Il est compréhensible que les amateurs de livres, désireux de trouver une «alternative éthique» à Amazon, se soient empressés de célébrer publiquement l'arrivée de Bookshop.org. Mais ce faisant, beaucoup ont oublié de demander aux librairies indépendantes comment elles pensent pouvoir être soutenues au mieux. «Je veux vraiment que les gens achètent dans leur librairie locale», a déclaré Célestine. «Ils reçoivent plus d'argent de cette façon.»

«Direct est le meilleur», a déclaré Smith. «Ensuite, les clients peuvent bénéficier d'une conversation avec un libraire. Nous allons au-delà d'un moteur de recherche et y installons un libraire humain – c'est assez important. "



Source link

Pourquoi composer une boutique en ligne ?

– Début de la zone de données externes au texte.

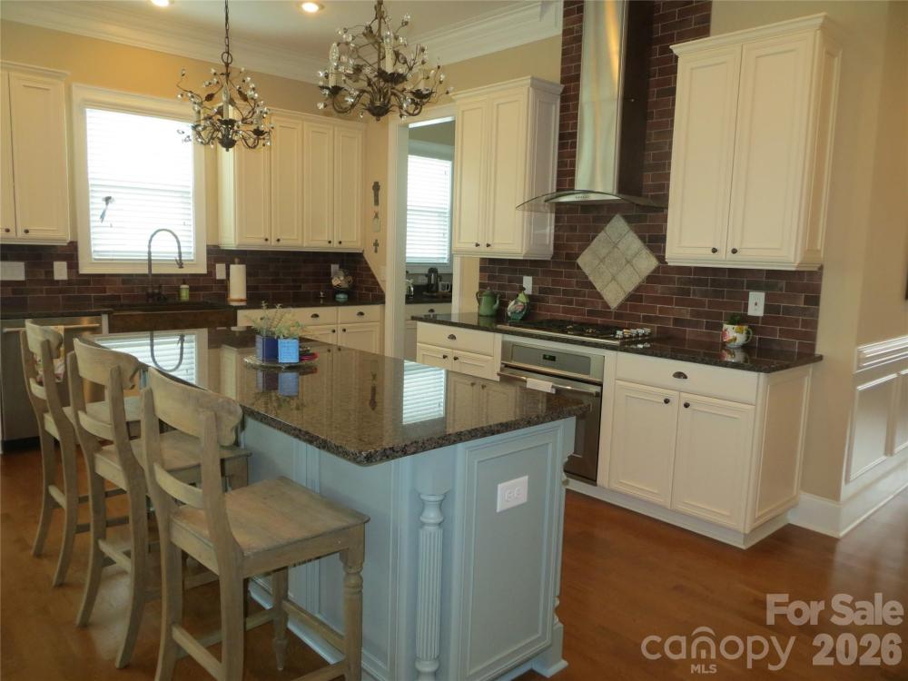 This beautiful 5 bedroom, 4.5 bath home in the lovely Charleston-style Antiquity neighborhood of Cornelius is on a quiet cul-de-sac overlooking the preserve. The wrap around porch and larger lot make this home a rare find. With the extras typical of the Cunnane builders, the home offers 10 foot ceilings, 5 piece crown moldings, beautiful woodworking, cabinetry, flooring and lighting. The first floor includes: a large master bedroom and bath with shower, soaking tub and walk-in custom finished closet; the Great room with gas fireplace adjoins a breakfast nook and Kitchen with all appliances including 2 full sized ovens; a butlers pantry leads to the Dining room and makes entertaining easy; an Office, half bath and laundry room finish this floor. The second floor features: 4 more large bedrooms and 3 full bathrooms. One bedroom is currently being used as a Media room. A large walk-in attic includes lighting and electrical outlets. The rear facing 2 car garage with opener is finished with poly-coated floors, built in cabinetry, workbench and ceiling fan. An extra parking space adjoins the outdoor patio with gas grill hookup overlooked by the screened in porch.

Un position e-commerce donne l’occasion de se lancer à moindres frais pendant rapport aux entreprises classiques. De plus, vous pouvez vous lancer bien plus rapidement. La gérance d’un rang commerce électronique ne demande pas de présence physique à un endroit précis, sauf peut-être quant à stockage et la préparation des commandes que vous avez la possibilité tout à fait externaliser, mais aussi mieux dans l’hypothèse ou vous ne possédez pas de stock (on en parlera plus tardivement dans l’article).